Togo's leader Faure Gnassingbe should resign immediately and the African Union and West African regional bloc ECOWAS should persuade him to step down if he does not, Gambia's Foreign Minister Ousainou Darboe said.

Darboe's comments are an early sign that opinion is shifting against Gnassingbe who took power in 2005 on the death of his father who had ruled since 1967.
Togo is enduring a political crisis in which at least 10 people have been killed in protests since August.
"I think the African Union and ECOWAS should engage Togo and persuade the president to step down," Darboe told Reuters this weekend, adding that other countries need to step in. "When it goes against accepted norms I don't think it should be treated as an internal affair."
Currently, Gambia and Togo are the only countries in the 15-nation ECOWAS bloc without time limits on mandates. ECOWAS sought to make this law across the region in 2015 but Togo and Gambia voted against it, although Gambia is now changing its constitution.
Gnassingbe is currently in his third term. Opponents have organised mass protests since August amid growing frustration over delays to constitutional reform and are seeking an end to his rule.

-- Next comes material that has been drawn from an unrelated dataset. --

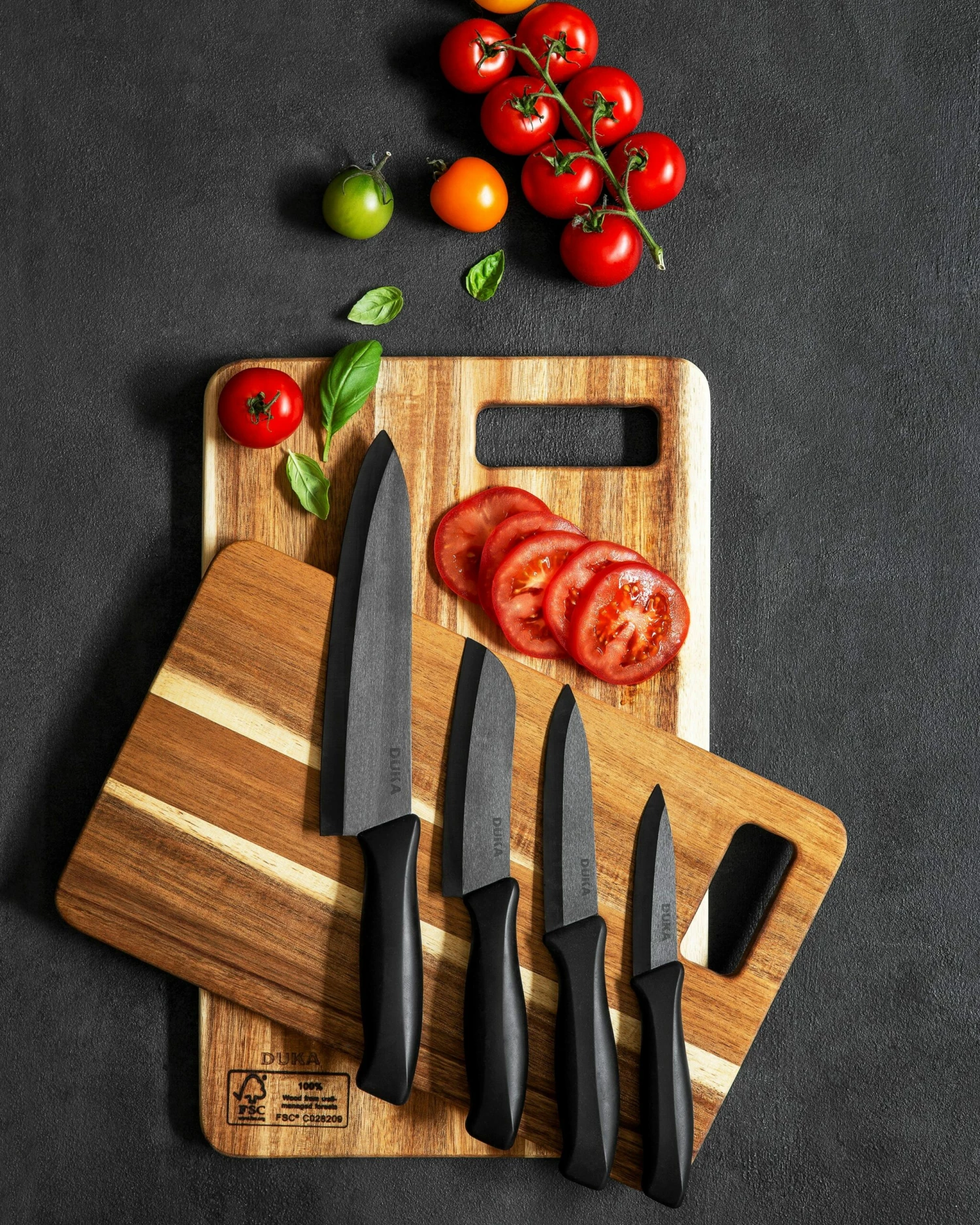 En rejält tilltagen skärbräda i oljebehandlat, FSC-certifierat akaciaträ. Diska din skärbräda för hand innan första användningen. Då trä är ett naturmaterial förekommer avvikelser i färg, varje skärbräda är unik i sitt slag. Det praktiska hålet upptill gör den lättare att bära och skärbrädan kan även hängas.

Security forces have repressed protests, firing on demonstrators, and raised the chances Gnassingbe could be toppled as a result of popular anger, as happened in Burkina Faso in 2014.

Togo's referndum

Criticism of Gnassingbe's government by foreign powers and other ECOWAS countries has so far been muted, perhaps because the Togolese leader holds the ECOWAS chairmanship until June 2018.
Darboe was the main opponent of former President Yahya Jammeh during his 22-year dictatorship which ended in January as ECOWAS troops marched into Gambia to uphold an election result.

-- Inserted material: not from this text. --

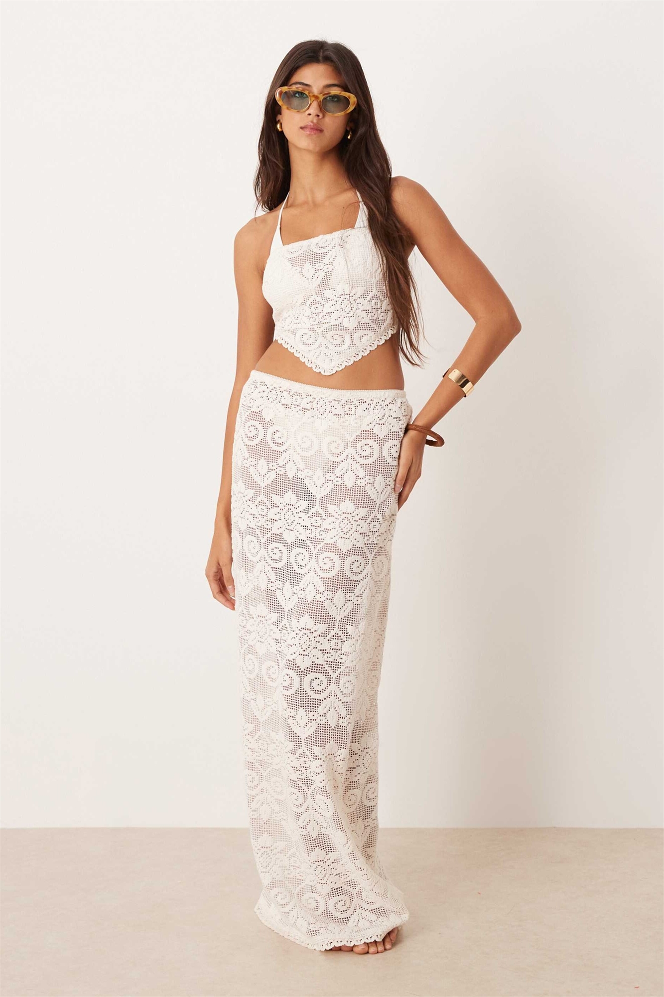 Макси-юбка из кружева, связанная крючком, цвета «Минетт»

He was imprisoned for most of last year for joining a protest for reform and said he thought talks with Gnassingbe should begin after Togo's planned referendum on term limits.
The Togolese measure, intended to quieten critics, has failed to appease the opposition who say that it would not be retroactive, meaning that Gnassingbe could stay until 2030. In a statement, the AU and ECOWAS have welcomed the proposed reforms, called for peace and encouraged dialogue.
Gambia's government plans a constitutional review to cap a president's tenure to just two four- or five-year terms among other reforms, Darboe said. "No national assembly should have the power to nullify that law as we've seen elsewhere in Africa," he said.